Application Block Software Factory - Sample App

21
Apr
2007

Application Block Software Factory - Sample App

NOTE - see Part Two of this article here...

I've recently been working on a component for a client that requires several implementations of a base class and interface including internal class dependencies.

I'd also been lurking over a couple of blog entries on the topic of Inversion of Control Containers and the Dependency Injection pattern and trying to work out the best strategy for configuring the base provider class as well as the dependencies, and so for the first time I was thinking - hmmm.. a case for DI and a pluggable architecture.

I'm by no means an 'Alpha Geek' where DI, IoC and pluggable frameworks go, however I've been using EntLib and various providers in .Net for a while now and my curiosity was peeked when Enterprise Library 3.0 shipped with its very own Application Block Software Factory.

A brilliant blog writer by the name of Jeremy D. Miller has posted a series on DI and IoC - such as The Dependency Injection Pattern – What is it and why do I care? and Thoughts on Building Pluggable Frameworks.  I'd been looking at StructureMap and Castle Windsor as possible starting points.

I've also been following the evolution of the Guidance Automation Toolkit and the Guidance Automation Extensions. There's some cool stuff going on here with the software factories released so far.

So... while StrctureMap looks like an excellent choice (although I should stress I'm really not qualified at this stage to compare the two) - I decided to try it the Microsoft way first using GAX and the Application Block Software Factory ... and here are the results - a Foo Application Block sample app (Zip)

There aren't any QuickStart sample apps for an Application Block using the software factory (at least not yet) and the docs supplied are clear but very brief and so a little digging was required. Tom Hollander has posted three video tutorials on getting started with this software factory - Enterprise Library: The Videos. The first two demonstrate the creation of providers for existing application blocks. The third one takes you through the creation of a custom application block. As an aside - the Configuration namespace in .Net 2.0 is large and daunting at first - but there's some powerful stuff in there. It helps a lot if you're familiar with the most common classes in the configuration namespace, ideally having created at least one configuration section using the ConfigurationSection base class.

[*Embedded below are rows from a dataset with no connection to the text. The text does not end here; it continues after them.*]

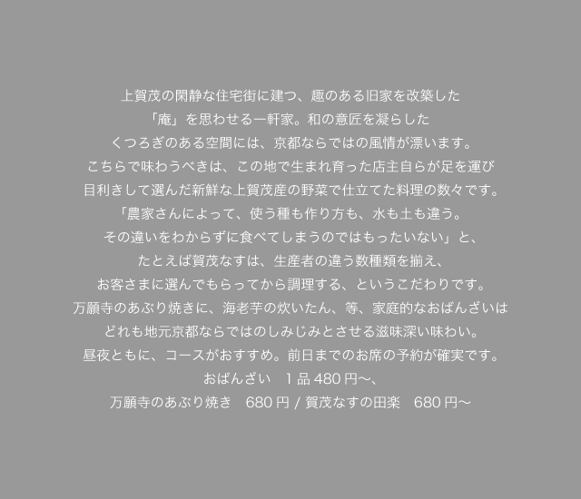 TEL:075-723-5217〒603-8044 京都府京都市北区上賀茂畔勝町25-2営業時間 11:30A.M.~3:30P.M.(L.O.2:30P.M.) / 5:30P.M.~10:30P.M.(L.O.9:30P.M.)(土曜・日曜・祝日5:00P.M.~22:00P.M. L.O.9:00P.M.)定休日 無休 (※貸切の場合もあり要確認)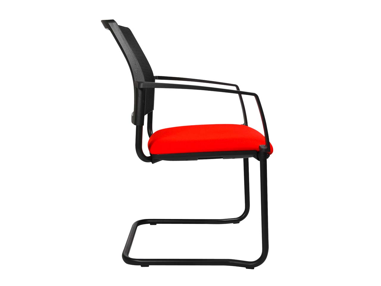 Modern designter Konferenz- und Besucherstuhl mit klassischem Schwingergestell. Der 5- bis 6-fach stapelbare Freischwinger aus stabilem, pulverbeschichtetem Stahlrohr verfügt über einen bequem gepolsterten Muldensitz und eine atmungsaktive, ergonomische Rückenlehne. Scheuerbeständiger Bezug mit OEKO-Tex Standard 100. Inklusive Armlehnen. B 63 x T 63 x H 94 cm. 1 Set = 2 Stk.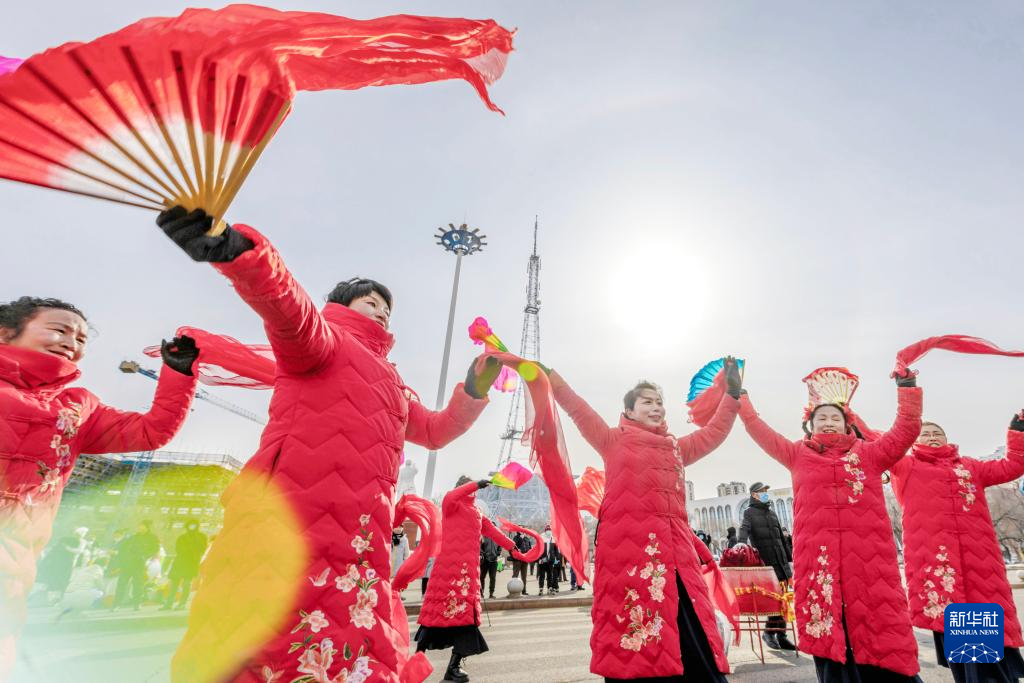 3月1日,市民在黑龙江省齐齐哈尔市工人文化宫广场扭秧歌。

I also wanted a simple App.config ready to go with my new block and configuration settings including custom settings for a provider. While Tom's video demonstrates this - the screen width was too narrow to see some of the settings he'd used including the most important reference to the section handler type.

After watching the videos and trying it out - a couple of hours later I'd got the hang of it and can now produce a custom application block, base provider and configuration classes in about five minutes; not a bad return.

The only dependencies in the new custom block are the Microsoft.Practices.EnterpriseLibrary.Common and Microsoft.Practices.ObjectBuilder namespaces - so if you're already using Entlib - these shouldn't worry you - and if you're nervous about getting into bed with GAX and GAT too soon - then with one custom application block in the bag - you can use this as a template for other projects without GAX. Creating new providers within the project is very straightforward.

One mistake I made that caused me to get hung-up for a few minutes - was a typo in the type declaration in the App.config settings file for my first concrete provider (CoolFooProvider) - if you make this mistake you'll get the following exception at runtime - "The [Assembler] attribute is not set in the configuration object type Foo.Configuration.FooProviderData." (for your base provider data class). Since this is the base type for concrete provider data class it's not decorated with the [Assembler] attribute; it's never meant to be 'assembled'. The application block couldn't find my concrete implementation (because of the config typo) and so fell back to trying to assemble the base class. Check your config file carefully if you see this message.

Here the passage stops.